■ WORK REQUIRED: Give again only the lines from the line that holds "Windsor Random Rock" to the end of the data, inclusive, omitting all pictures.

■ STORED DATA:
╔══

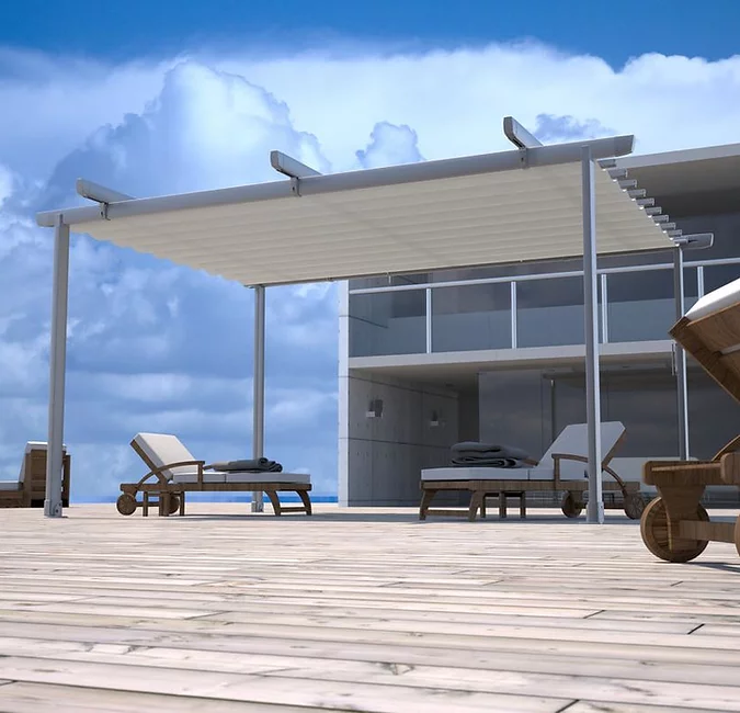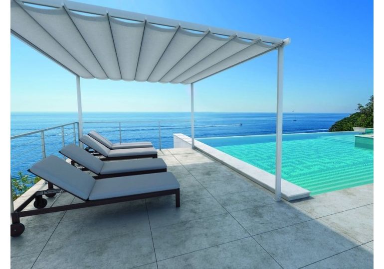 The Surya is a sophisticated roman roof shading system that will add class and style to any outdoor area.
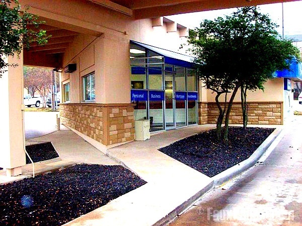 Windsor Random Rock wainscoting panels in Tri Buff blend match beautifully with a bank's exterior.
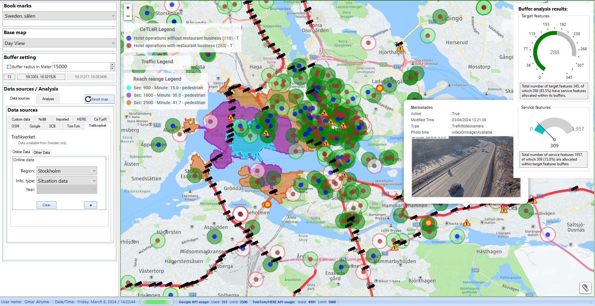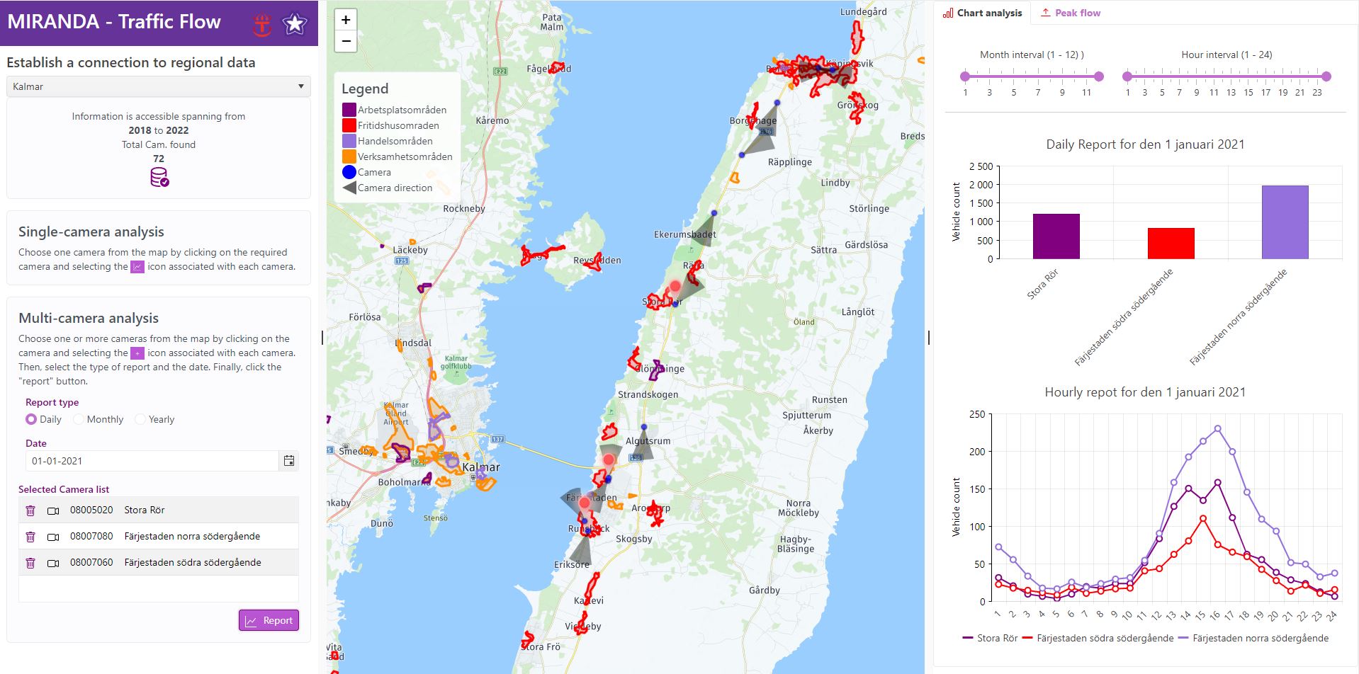 Tool for monitoring and analyzing traffic patterns across Sweden. By leveraging data from safety cameras, this tool provides detailed insights into traffic flow, allowing for analysis on both individual and multiple cameras simultaneously.

╚══

■ SOLVED EXERCISE:
 Windsor Random Rock wainscoting panels in Tri Buff blend match beautifully with a bank's exterior.
 Tool for monitoring and analyzing traffic patterns across Sweden. By leveraging data from safety cameras, this tool provides detailed insights into traffic flow, allowing for analysis on both individual and multiple cameras simultaneously.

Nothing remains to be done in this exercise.